Leveraging artificial intelligence and machine learning to accelerate discovery of disease-modifying therapies in type 1 diabetes
- PMID: 39694914
- PMCID: PMC11832708
- DOI: 10.1007/s00125-024-06339-6
Leveraging artificial intelligence and machine learning to accelerate discovery of disease-modifying therapies in type 1 diabetes
Abstract
Progress in developing therapies for the maintenance of endogenous insulin secretion in, or the prevention of, type 1 diabetes has been hindered by limited animal models, the length and cost of clinical trials, difficulties in identifying individuals who will progress faster to a clinical diagnosis of type 1 diabetes, and heterogeneous clinical responses in intervention trials. Classic placebo-controlled intervention trials often include monotherapies, broad participant populations and extended follow-up periods focused on clinical endpoints. While this approach remains the 'gold standard' of clinical research, efforts are underway to implement new approaches harnessing the power of artificial intelligence and machine learning to accelerate drug discovery and efficacy testing. Here, we review emerging approaches for repurposing agents used to treat diseases that share pathogenic pathways with type 1 diabetes and selecting synergistic combinations of drugs to maximise therapeutic efficacy. We discuss how emerging multi-omics technologies, including analysis of antigen processing and presentation to adaptive immune cells, may lead to the discovery of novel biomarkers and subsequent translation into antigen-specific immunotherapies. We also discuss the potential for using artificial intelligence to create 'digital twin' models that enable rapid in silico testing of personalised agents as well as dose determination. To conclude, we discuss some limitations of artificial intelligence and machine learning, including issues pertaining to model interpretability and bias, as well as the continued need for validation studies via confirmatory intervention trials.

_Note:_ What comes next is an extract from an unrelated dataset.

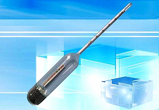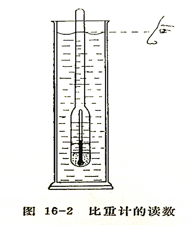 ② 先估計(jì)試樣比重的大致范圍,然后取出具有相應(yīng)刻度的比重計(jì)。手執(zhí)干凈比重計(jì)的上端,小心置于量筒中(圖16-2)勿使比重計(jì)與量筒底及量筒壁相接觸。當(dāng)擺動(dòng)停止后,按彎月面的上緣進(jìn)行讀數(shù),讀數(shù)時(shí)眼晴應(yīng)與彎月面上緣平行。同時(shí),按照比重計(jì)上的溫度計(jì),或另用溫度計(jì),測定試樣的溫度t。在測定不透明試樣的比重時(shí),可將比重計(jì)或溫度計(jì)稍微提起,至能看見水銀柱上端為止。

Keywords: Artificial intelligence; Digital twin; Drug discovery; Drug repurposing; Drug response; Immunotherapy; Machine learning; Pharmacogenetics; Precision medicine; Review; Type 1 diabetes.
© 2024. The Author(s).
Conflict of interest statement
Acknowledgements: The authors would like to thank the NIH Type 1 Diabetes TrialNet, Immune Tolerance Network and the Wanek Family Project Clinical Trial Group investigators for helpful discussions and/or published clinical trial data referenced throughout this manuscript, particularly in Table 2 and Fig. 2a. Funding: Work in the authors’ laboratories is supported by NIH P01 AI042288 (to TMB) and K99 DK140511 (to MRS); The Leona M. and Harry B. Helmsley Charitable Trust 2019PG-T1D011 (to TMB); Breakthrough T1D (formerly JDRF) Postdoctoral Fellowship 3-PDF-2022-1137-A-N (to MRS); Orlando Brown, Jr (to MAC); and the Emilie Rosebud Diabetes Research Foundation (to MAC). The funders of this work were not involved in designing this review; collecting, analysing or interpreting data; or writing this report. The funders did not impose any restrictions regarding the publication of this report. Authors’ relationships and activities: MAC has received research support from Dexcom and Abbott Diabetes Care and consulting fees from Glooko. The authors declare that there are no other relationships or activities that might bias, or be perceived to bias, their work. Contribution statement: All authors were responsible for drafting the article and reviewing it critically for important intellectual content. All authors approved the version to be published.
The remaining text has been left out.